How to Cost Your Financial Institution a Bunch of Customers in Two Easy Minutes

Submitted for your consideration: Bob Morgan, CEO of the North Country Federal Credit Union. Well, he was as of this writing.

Morgan was the only witness in Friday afternoon’s hearing on public sector pension reform to play the Ebenezer Scrooge role, talking up the urgent need to stick it to state and school employees. All the other witnesses were teachers, state employees and their supporters, all urging the Legislature to hold the pensions harmless.

Morgan’s pro-reform pitch makes sense coming from a member of the Vermont Business Roundtable’s Pension Reform Committee, which he is. But it’s awfully risky for the leader of a financial institution where many teachers and state workers keep their money. After his testimony, Twitter got lit up with calls for people to close their NCFCU accounts.

And eventually, one Twitter sleuth discovered an article describing the generous custom-tailored retirement plan Morgan received from the NCFCU Board. Made it look like a clear case of Steak and caviar for me; hardtack and Alpo for thee.

More on that in a moment, but first, let’s revisit Morgan’s testimony.

“The status quo is not viable or sustainable,” Morgan said. “It reminds me of the products that were created and caused the financial crisis, including negative-amortization mortgages, where you pay into something only to see the balance rise and it leads to a disastrous end.”

Wow. That’s… uh… something.

Comparing the state’s pension plans to the hypercharged housing bubble that led to the financial crash of 2008-9? Harsh, man. The crash was the result of Banks Gone Wild; the pension plans were financially sound until Vermont’s political leaders decided to underfund them for about 15 years running. They’re not at all comparable.

Morgan spent the rest of his allotted two minutes talking about the dire consequences to “our bond rating,” the likelihood that we would have to “take money from services that Vermonters need,” whereas cutting pension benefits and hiking employee contributions would “create the path toward sustainability for the system, and that will, in the end, benefit everybody.”

In the aggregate, that is. It sure wouldn’t benefit future pensioners, who would have to pay higher contributions for lower payouts deferred for longer, and assume the financial responsibility for future fund mismanagement.

What Morgan didn’t mention, or even hint at, was the idea of saving the system by creating a new revenue stream, such as an income tax surcharge on top earners (possibly including Morgan himself) or legalized sports gambling or cannabis or you name it. No, his entire testimony assumed the present financials are set in stone.

Now, let’s take a look at the privileged perch from which Morgan preaches belt-tightening for the great unwashed.

I couldn’t find executive pay figures for NCFCU, but CU Management magazine does an annual survey on the subject. In 2020, the median base salary for a credit union CEO was $388,989. But that’s not all; the median salary plus bonus pay was $442,217. And the median total compensation (pay, bonus, perks) was $458,515.

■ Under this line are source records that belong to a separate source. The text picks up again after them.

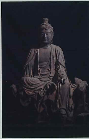
十一面観音菩薩坐像 院誉作 正慶元年(1332) 神奈川・慶珊寺 長福寺地藏菩薩像と同じ院誉作で鎌倉・金沢に伝来した幡間八幡宮ゆかりの像
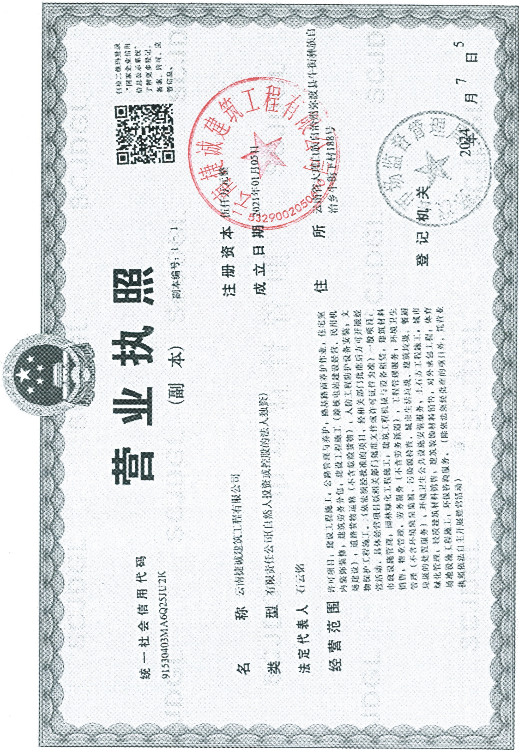
附件 1：云南捷诚建筑工程有限公司营业执照复印件

国家企业信用信息公示系统网址: http://yn.gsxt.gov.cn 请于每年1月1日至30日在国家企业信用信息公示系统（云南）报送上一年度年报并公示，当年设立登记的，自下一年起报送并公示，逾期未年报的，将依法处理。
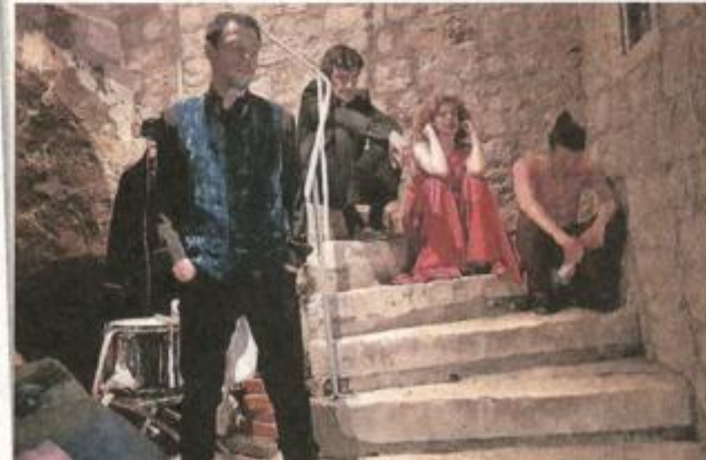
Umor i veselje tijekom 'Hamleta' 'all night long', šekspirijanskog maratona na koji su glumci sami pristali
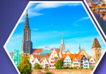
อูล์มบ้านเกิดไอน์สไตน์
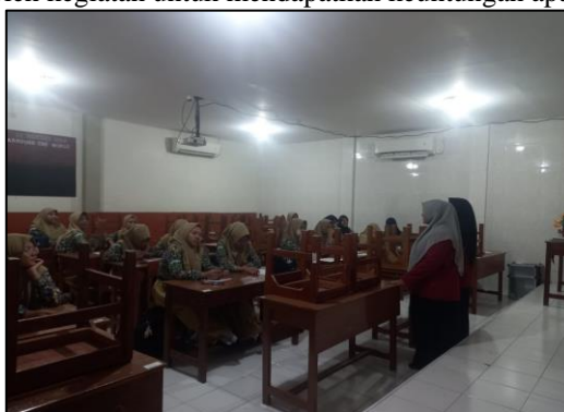
Gambar 1: kegiatan CNA

Berdasarkan hasil community need assessment (CNA) dengan menggunakan metode wawancara dan observasi pada anggota dan pembina PMR ini diperoleh data bahwa adanya kesenjangan pada sikap altruisme pada relawan Palang Merah Remaja (PMR) tersebut terkait dengan alasan awal ikut serta dalam ekstrakurikuler ini. Hal tersebut ditunjukkan melalui hasil survey awal yang telah dilakukan pada relawan Palang Merah Remaja di SMA Kemala Bhayangkari 3 Porong. Dari survey awal tersebut didapatkan hasil bahwa sebagian relawan Palang Merah Remaja di SMA Kemala Bhayangkari memiliki motivasi lain sebagai alasan bergabung dalam keanggotaan Palang Merah Remaja yang tidak sejalan dengan prinsip kesukarelaan dalam Palang Merah Remaja yakni kegiatan memberi bantuan secara sukarela yang tidak didasari oleh kegiatan untuk mendapatkan keuntungan apapun.
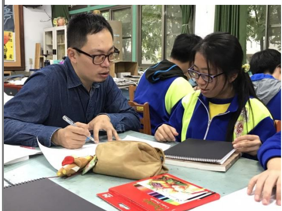
和學生討論畫面的可能性

Morgan’s pay is likely lower than that, since NCFCU is smaller than the median credit union. But I think we can safely say he’s a few tax brackets above public school teachers and state employees.

As for that pension… CU Management described it — glowingly — a couple of years ago.

“In our discussions, it became apparent that my financial priorities weren’t solely based on retirement,” Morgan recalls. … [the compensation committee developed] a reward and retention plan based on Morgan’s life stage and priorities.

Morgan says the committee “really dug into the weeds of the design of these plans, so that they thoroughly understood all the mechanics and options before making a recommendation. The plan was very well designed.”

He went on to wax philosophical on customized pensions.

“If you look at simple psychology, the value of anything you’re offered is a combination of the dollar amount and the immediacy of the reward,” Morgan says. “There’s a tendency to discard rewards that are too distant. The value of having a compensation plan (with disbursements) staggered at interims definitely makes it more meaningful.”

How about the psychology of pulling the rug out from under thousands of workers who bargained for their pensions fair and square? How about the psychology of making their retirements less generous and less secure? How about the psychology of forcing them to pay more for a lesser return — through no fault of their own?

The combination of Morgan’s eagerness to devalue public sector pensions with the bragging about his bespoke nest-egg is hard to take. If I had accounts at NCFCU, I’d be looking around for somewhere less tone-deaf to do my banking.


4 thoughts on “How to Cost Your Financial Institution a Bunch of Customers in Two Easy Minutes

  1. Walter Carpenter

    “Made it look like a clear case of Steak and caviar for me; hardtack and Alpo for thee.”

    I’m sure that the state workers and teachers who are, or were, foolish enough to their money into his bank, are financing this man’s “steak and caviar,” while he wants to screw them to get it. Time to put this man out of a job and for the state employees and teachers to start demanding their money back from his pensions.